§ **PROBLEM DETAILS**
Copy without pictures. Please restate each line of the listing exactly.

§ **DATA SECTION**
++++++++

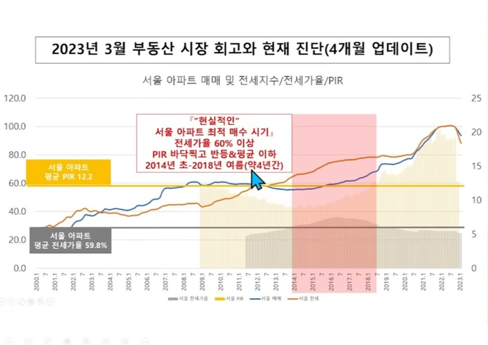 즐겨보는 월급쟁이부자들 유튜브를 보면 전세가율 60% 이상+pir 바닥 찍고 반등 또는 평균 이하 일 때를 서울 아파트 최적매수시기로 보고 있다.
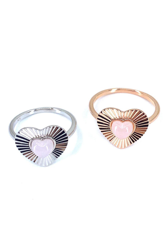 Soft Pembe Kalp Çizgili Gümüş Yüzük
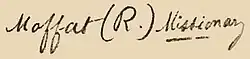 - ^ Moffat wrote at length about Johannes van der Kemp in his 1842 publication, Missionary Labours and Scenes in Southern Africa, covering van der Kemp's twelve years in South Africa.[28]

++++++++

§ **RESPONSE TO THE EXERCISE**
 즐겨보는 월급쟁이부자들 유튜브를 보면 전세가율 60% 이상+pir 바닥 찍고 반등 또는 평균 이하 일 때를 서울 아파트 최적매수시기로 보고 있다.
 Soft Pembe Kalp Çizgili Gümüş Yüzük
 - ^ Moffat wrote at length about Johannes van der Kemp in his 1842 publication, Missionary Labours and Scenes in Southern Africa, covering van der Kemp's twelve years in South Africa.[28]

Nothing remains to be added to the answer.